Wiccan Religion Started by a Freemason!

 
Gerald B. GardnerPhoto to Left: Freemason, and founder of modern Wiccan witch revival, Gerald Gardner.

Gerald Brosseau Gardner (June 13, 1884 - February 12, 1964) was a Freemason, an English hereditary Witch and largely responsible for reviving Witchcraft in the modern Western world. Gardner claimed to trace his roots to a Witch named Grissell Gardner who had been burned at the stake in 1610 at Newburgh.

Gardner suffered severely with asthma from an early age and required a nurse to attend to his needs. Nurse Josephine "Com" McCombie brought along young Gardner on her various trips to Europe and Ceylon, where he worked on a tea plantation. Gerald later worked and traveled to Borneo and Malaysia. In Ceylon between 1905 - 1908, Gardner became a Freemason, Sphinx Lodge 113, I.C., Colombo.

Between 1920 and 1923 Gardner studies native lore, magic, and weaponry in Malaysia. In 1926 through to 1932 Gardner takes up amateur Archaeology; proves the existence of a Malaysian civilization predating the coming of the Portuguese in 1687; returns to England and marries Donna Rosedale, a nurse; frequents the British Museum to research Welsh and Basque folklore; encounters a whole host of Spiritualist mediums; and visits an archaeological dig at Gaza in Egypt, prehistoric caves in France, and England.

In England before the Second World War, Gerald was involved with the Fellowship of Crotona - an occult group of Co-Masons - and met people who introduced him into Witchcraft. The Fellowship of Crotona was a secret society within a secret society; the inner circle claimed to be hereditary Witches. In 1939, Gardner was initiated into the New Forest coven by high priestess Old Dorothy Clutterbuck.

It was in 1940 at a large gathering of many covens that a legendary event was to take place:

“In June 1940 when England faced invasion from the Nazis, Gardner claims that the high priestess of his coven called a huge gathering of witches in the New Forest where the Great Circle was erected. This was a magical ritual only performed in cases of extreme emergency. Previously it had only been raised twice, in 1588 to combat the Spanish Armada, which was defeated not only by Drake and his ships but with the help of a great storm, and in the 1800s when it looked as if Napoleon would cross the Channel. The ritual in the forest involved raising a cone of psychic power and directing it towards the French coast with the command, ‘You cannot cross the sea. You cannot cross the sea. You cannot come.’ According to Gardner this ritual involved the use of the life force of the gathered covens and as a result several elderly witches died. The ritual was repeated four times and then the Elders said ‘We must stop. We must not kill too many of our people.’”
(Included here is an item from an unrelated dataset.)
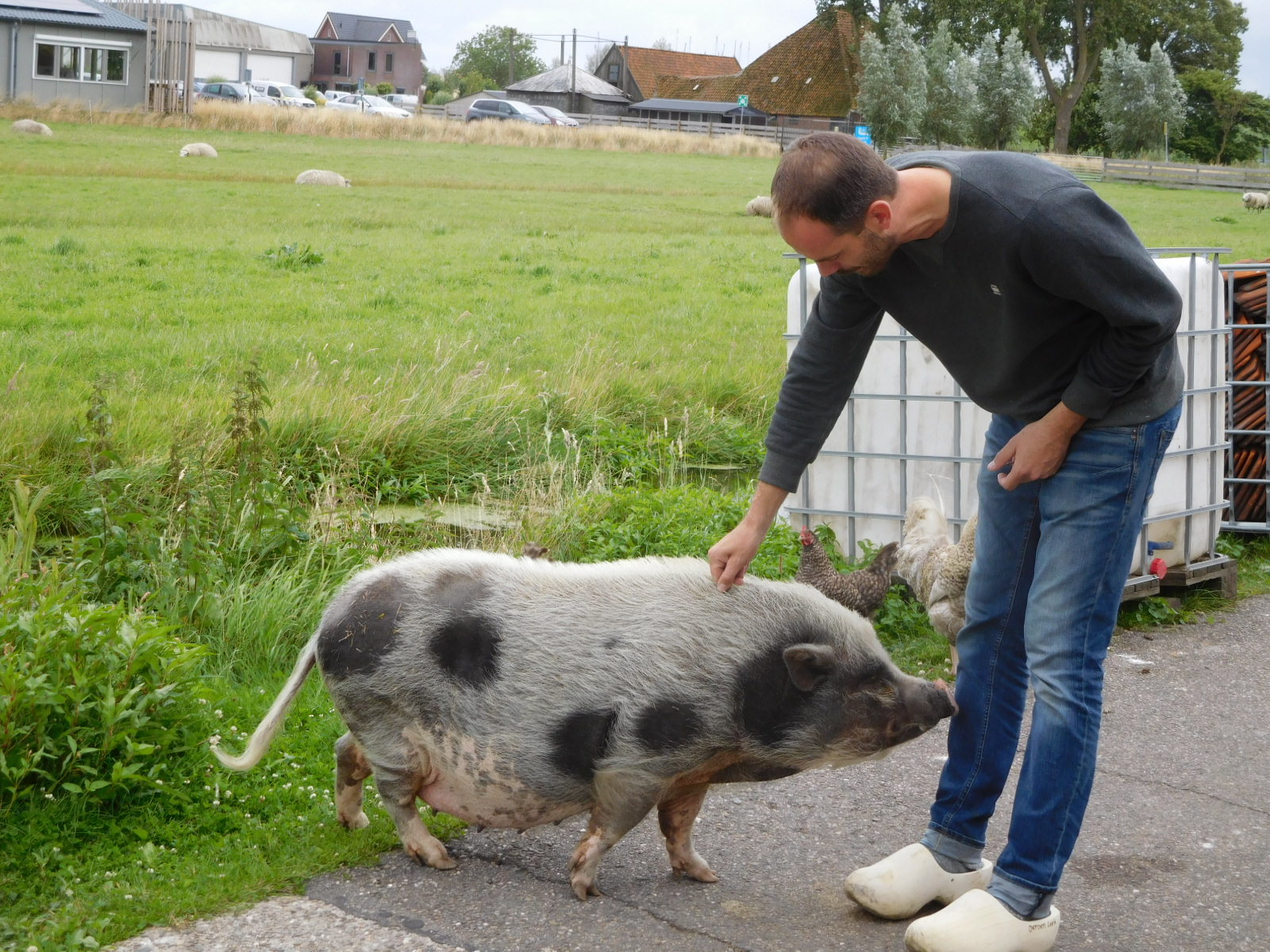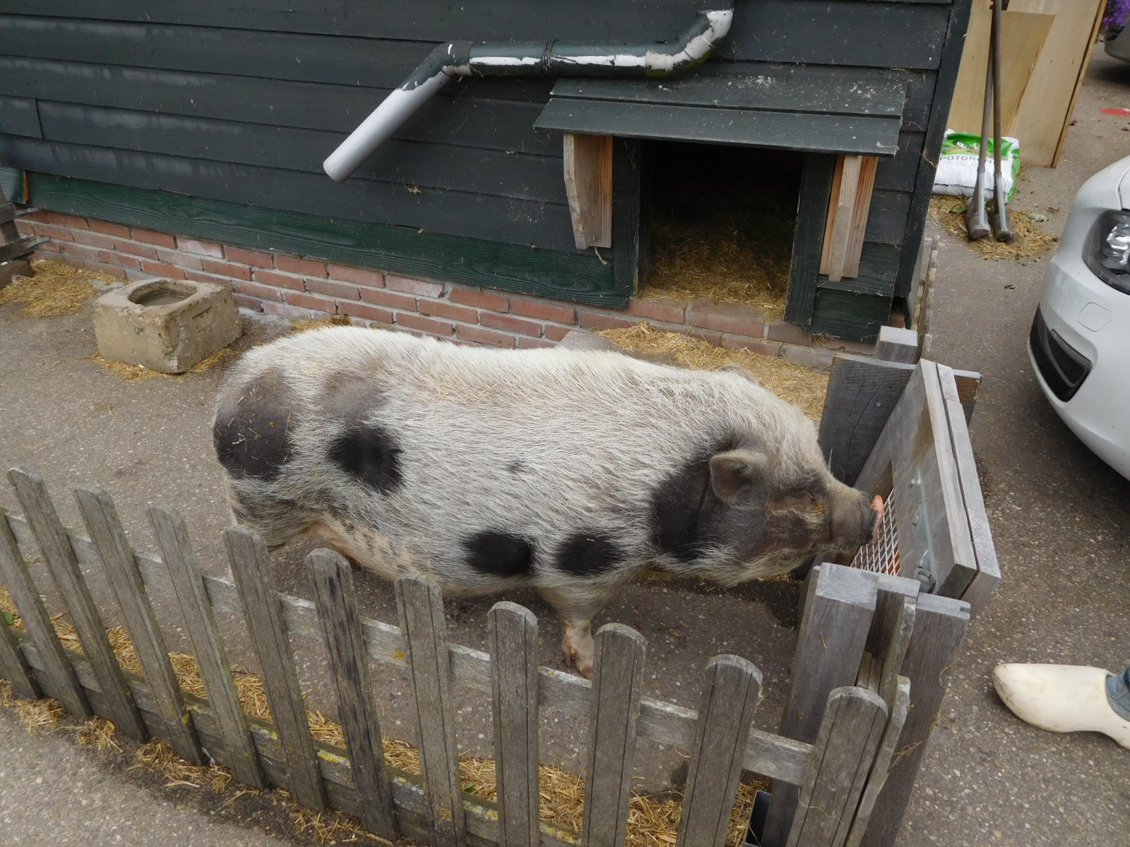 It actually turned out that they were seriously making clogs from scratch here, and that their cheese offerings were very creditable,hiThe man who makes the clogs was very outgoing, and was proud to talk, for example, about his pet pig, Charlotte. Charlotte has been the subject of many newspaper articles, which are posted on the wall. She would for example, spin in a circle or put her foot on the man's foot on request, and go to bed when instructed. However she requires treats of pears to do any of this. The pears are not ripe yet, but the man got some from the tree and Charlotte gave a demonstration.
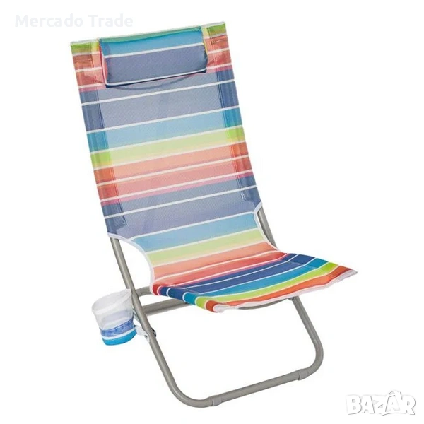 Стол Mercado Trade, Цветен на райета, С възглавница, Сгъваем за къмпинг или плаж.

By 1951 the last of the English laws against witchcraft were repealed and throughout the 50s into the 60s Gardner published some widely read books on the rituals and traditions of the New Forest covens. This laid out the seeds of what would eventually be known as "Gardnerian Wicca." The resurgence of the "Old Religion" spread like wildfire and continues unabated.

Gardnerian Wicca borrows very heavily from Freemasonry, Tantric Hinduism and a touch of ceremonial magick. Gardnerian covens are always headed by a High Priestess and have three degrees of initiation closely paralleling the Masonic degrees. Worship is centered on The Goddess and The Horned God. Eight seasonal Sabbats are observed, and the Wiccan Rede is the guiding principle.